(EXERCISE INPUT)

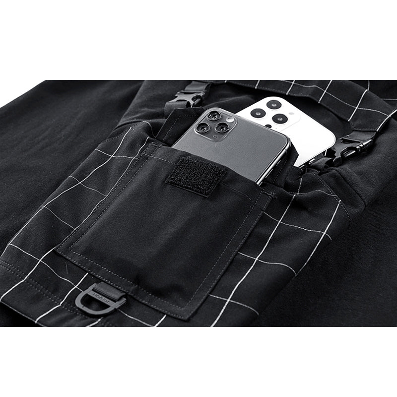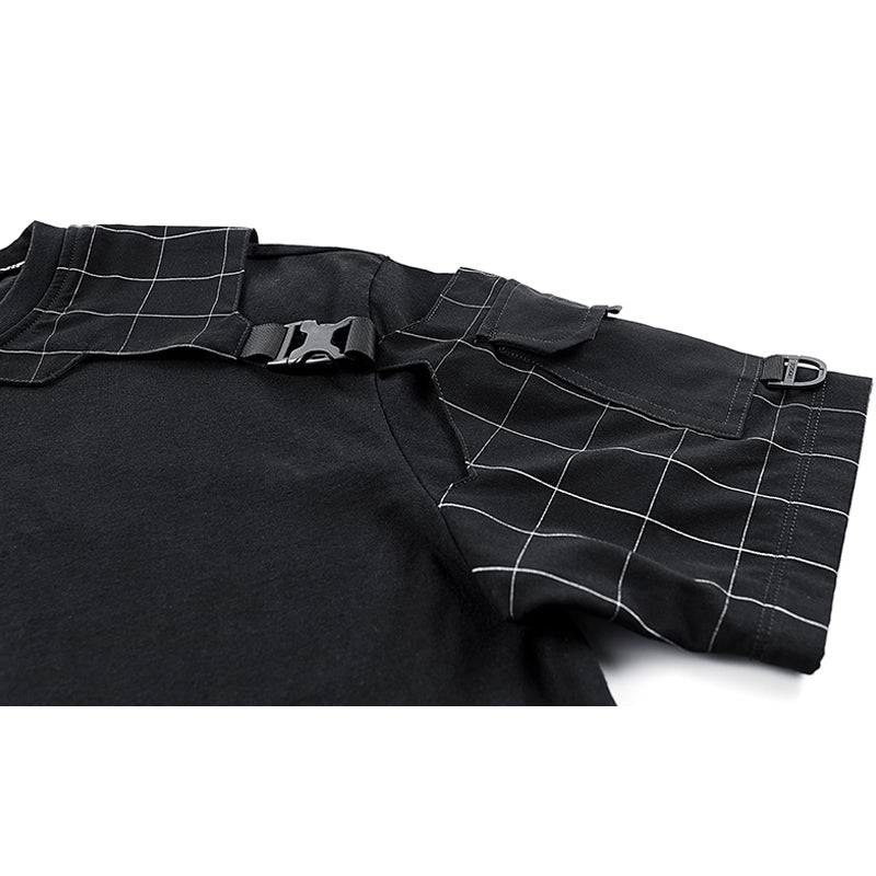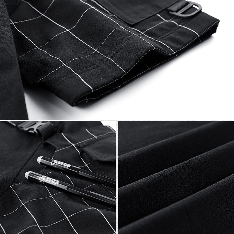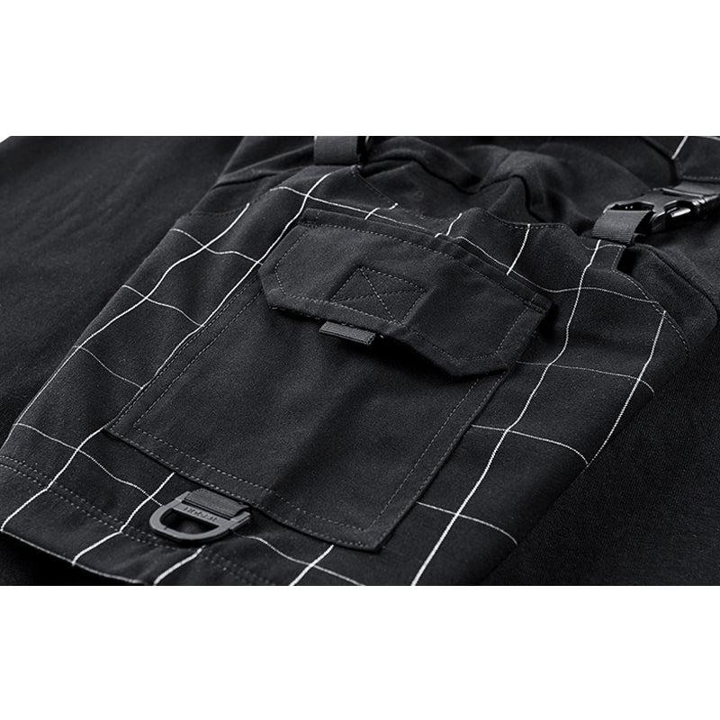 This item combines the function and design of Cyberpunk, and is mostly dressed in black. Graph check switching material is designed as a topping, adjustment buckles, badges, vests, and other small items that stand out are important to cyberpunk. The fake layered design is also a point, with a flap pocket and excellent functionality and design. Made of "polyester", a material that does not easily lose its shape and has excellent durability, and at the same time, it is equipped with viscose material, which has a silky luster, looks and feels good, and has a drape-like feel. It is lightweight, yet has excellent breathability and stretchability.
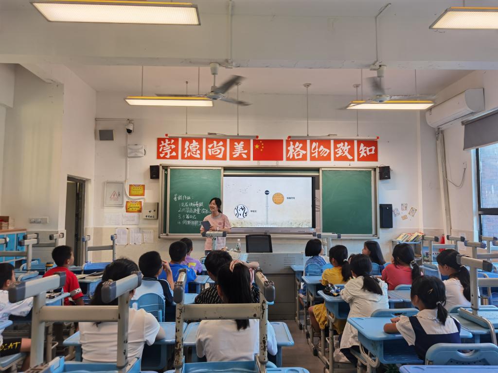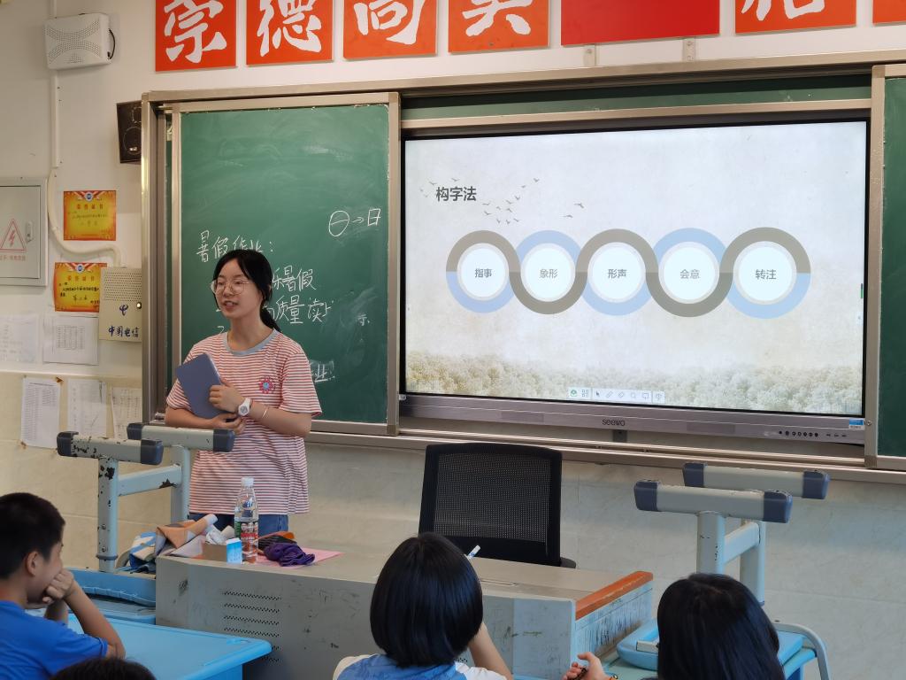 (通讯员 龙欣然)7月9日上午,为培养学生的爱国精神、提高学生文学知识素养,万象城awc888青春向“尚”队于衡阳市常宁市尚宇学校小学部五年级教室开展汉字历史语文课程。队员龙欣然进行授课,助教唐永荭和曹婕辅助教学并维持课堂纪律。
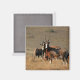 Painting of an African blesbok herd in a field, staring blankly at the viewer with their expressionless white faces on a square refrigerator magnet.
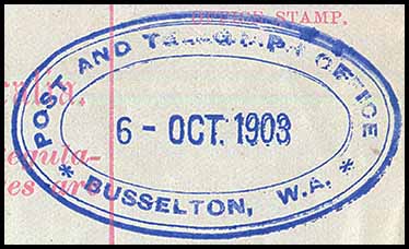 ![]() Telegram sent from Quindalup to Busselton on 6 October 1903. Has a magnificent rubber oval date stamp for Busselton - the earliest recorded. |
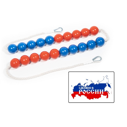 Двадцать деревянных бусин, нанизанных на прочной верёвке, разбиты на пятёрки красного и синего цвета. Яркие большие бусины хорошо видны всему классу. Учитель может просить детей повторить его действия, сидя за партами. Для этого дети пользуются соответствующими бусами для ученика. Имеются методические рекомендации для учителя (приобретаются отдельно).
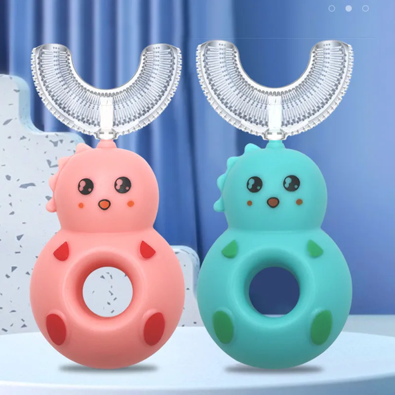 Детская ручная зубная щетка, 360 градусов, силиконовая u-образная зубная щетка, мультяшный подарок для детей 2-6-12 лет

(End EXERCISE INPUT)

Exactly the lines from the one with "Painting of an" to the last line of the listing are wanted, both ends included and pictures excluded.

FINAL ANSWER.
 Painting of an African blesbok herd in a field, staring blankly at the viewer with their expressionless white faces on a square refrigerator magnet.
 ![]() Telegram sent from Quindalup to Busselton on 6 October 1903. Has a magnificent rubber oval date stamp for Busselton - the earliest recorded. |
 Двадцать деревянных бусин, нанизанных на прочной верёвке, разбиты на пятёрки красного и синего цвета. Яркие большие бусины хорошо видны всему классу. Учитель может просить детей повторить его действия, сидя за партами. Для этого дети пользуются соответствующими бусами для ученика. Имеются методические рекомендации для учителя (приобретаются отдельно).
 Детская ручная зубная щетка, 360 градусов, силиконовая u-образная зубная щетка, мультяшный подарок для детей 2-6-12 лет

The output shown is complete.